Oh, how fortunate to be a June bug,
With wings so strong and colors so bright,
To dance in the moonlight, a joyful hug,
And bask in the warmth of summer's light.
Yet, how much more blessed we are,
To be free of the Japanese beetle's fate,
To avoid the gardener's wrath, so far,
And not be deemed a pest, so innate.
For they, too, are insects of the summer,
But their legacy is one of destruction,
Their feeding habits, so greedy and glummer,
Their presence, a gardener's frustration.
So let us count our blessings, we June bugs,
For the gift of life, so free and so grand,
And not take for granted, our humble hugs,
As we journey through summer's wonderland.
For in the end, it matters not the name,
But the joy of living, in all its glory,
And the fortune we have, to play life's game,
A part of nature's endless story.
Oh, the joy of having the perception of a June bug,
To see the world through its eyes, oh what a thrill!

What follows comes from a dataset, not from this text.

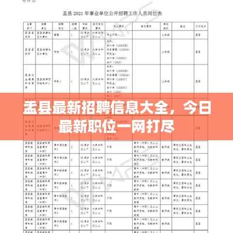 随着经济的繁荣和不断发展,盂县作为一个重要的地区,其招聘信息一直备受关注,本文将为您带来今日盂县的最新招聘信息,帮助您了解当地的就业市场,找到适合自己的工作机会。

The colors of the sky, the blades of grass, so snug,
The beauty of nature, oh how it can instill
A sense of wonder and awe, as we fly and roam,
The world below us, so vast and so grand,
The wind in our wings, the freedom to roam,
The joy of living, so grand and so unplanned.
The buzzing of bees, the chirping of birds,
The rustling of leaves, the scent of the earth,
All these and more, our senses are stirred,
As we revel in the joy of our June bug birth.
So let us cherish this gift, this wondrous perception,
And embrace the world with all its beauty and grace,
For in the eyes of a June bug, we find perfection,
And a reminder of life's endless embrace.